Muris has what is known as a “shift cheese factory” or latteria turnaria: latteria is the local term for cheese dairy; turnaria signifies that people take turns to work it in shifts. Functioning both as a cooperative farm and social institution, it’s one of the few that remain in the region. This one is also a great place to have breakfast.
As we get there around 9 a.m., the cheese-making is almost done. The experienced dairyman arrived many hours earlier to turn on the gas fire to heat the milk and to clean the previous day’s wheels of cheese. The women shaping and pressing the fresh cheese have also been here for hours. They come in shifts to help the dairyman transform milk into delicious cheese, ricotta, yogurt, butter, and more.
Officially established in 1880 by a Royal Decree, the cooperatives started out as a clever model of community farming and soon became a social hub. Muris’s one was established in 1920, although the current building only dates back to the 1970s.
Every family had at least one cow, for the milk—too much to drink it all, not enough for serious cheese production. So villages pooled their resources to produce cheese and other products, incorporating the knowledge of an expert dairyman who created recipes and handed them down. Farmers—often women, young girls, or widows—took turns bringing milk to the factory and assisting the dairyman. Each family received the cheese made from the milk they brought, or the money from selling it on.

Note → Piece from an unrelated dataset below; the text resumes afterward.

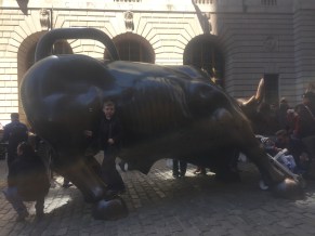 By Sunday, we were exhausted. We went downstairs to eat breakfast, then went back to our room until checkout, watching The Discovery Channel and lounging. When it was time to leave, we headed one last time down to Battery Park and wandered around. We discovered a cookie spot that offers warm cookie delivery until 3am! I am a suburban girl at heart, but knowing I could have warm cookies brought to me at all hours of the night might make me rethink my position about cities. We tried our best to explain Wall Street and the Stock Exchange to Liam. While he didn’t fully comprehend the significance, he was happy to see the bull. We stopped to visit Hamilton’s grave.

Over the years, these cooperatives became the villages’ main gathering point. Women came to the factories carrying milk cans and singing; men worked, discussed village affairs, and looked for potential wives there.
Much has changed. Many of these latterias have shut down. After the 1976 earthquake destroyed part of the region, locals seized the opportunity to switch from a rural economy to a modern one, with the help of reconstruction funds. Now, there are different challenges. People complain about the falling price of milk, and the effect of E.U. regulations on the traditional techniques employed to make the cheese.
In Muris, visitors are welcome to buy cheese or enjoy a brief tour ending with a sumptuous breakfast. We taste an intense, golden, yellow butter for bread with homemade jams. A creamy yogurt. A stunning cows’ ricotta, made with the whey from the cheese-making, no added cream. And of course, cheese: several wheels of it, of varying ages, with milky flavors ranging from freshness to richness. Definitely much better than a cappuccino.